= Beginning of Section =

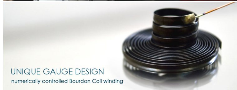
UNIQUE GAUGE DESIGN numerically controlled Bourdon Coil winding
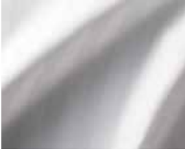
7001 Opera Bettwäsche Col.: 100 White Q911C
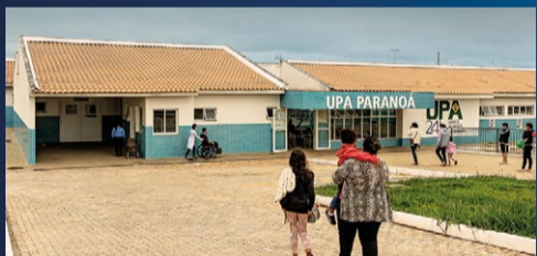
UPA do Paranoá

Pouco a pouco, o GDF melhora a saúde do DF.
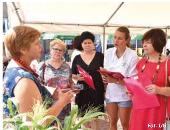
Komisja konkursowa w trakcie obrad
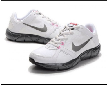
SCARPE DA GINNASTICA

= End of Section =
= Beginning of Section =

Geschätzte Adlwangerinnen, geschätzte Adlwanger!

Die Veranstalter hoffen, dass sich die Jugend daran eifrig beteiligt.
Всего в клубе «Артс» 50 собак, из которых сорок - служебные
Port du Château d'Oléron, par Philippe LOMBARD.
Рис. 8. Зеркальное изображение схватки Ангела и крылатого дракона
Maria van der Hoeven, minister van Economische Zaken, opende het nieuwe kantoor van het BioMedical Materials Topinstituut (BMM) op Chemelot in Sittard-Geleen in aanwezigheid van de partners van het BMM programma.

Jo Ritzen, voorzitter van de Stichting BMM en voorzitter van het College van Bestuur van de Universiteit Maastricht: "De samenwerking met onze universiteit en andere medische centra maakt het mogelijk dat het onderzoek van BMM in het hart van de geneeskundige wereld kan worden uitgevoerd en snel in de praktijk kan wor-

= End of Section =

→ **Task statement**
Exactly the lines above from the one that contains "UNIQUE GAUGE DESIGN" down to the one that contains "SCARPE DA GINNASTICA" are to be output, both ends kept and pictures omitted.

→ **Answer to this exercise**
UNIQUE GAUGE DESIGN numerically controlled Bourdon Coil winding
7001 Opera Bettwäsche Col.: 100 White Q911C
UPA do Paranoá

Pouco a pouco, o GDF melhora a saúde do DF.
Komisja konkursowa w trakcie obrad
SCARPE DA GINNASTICA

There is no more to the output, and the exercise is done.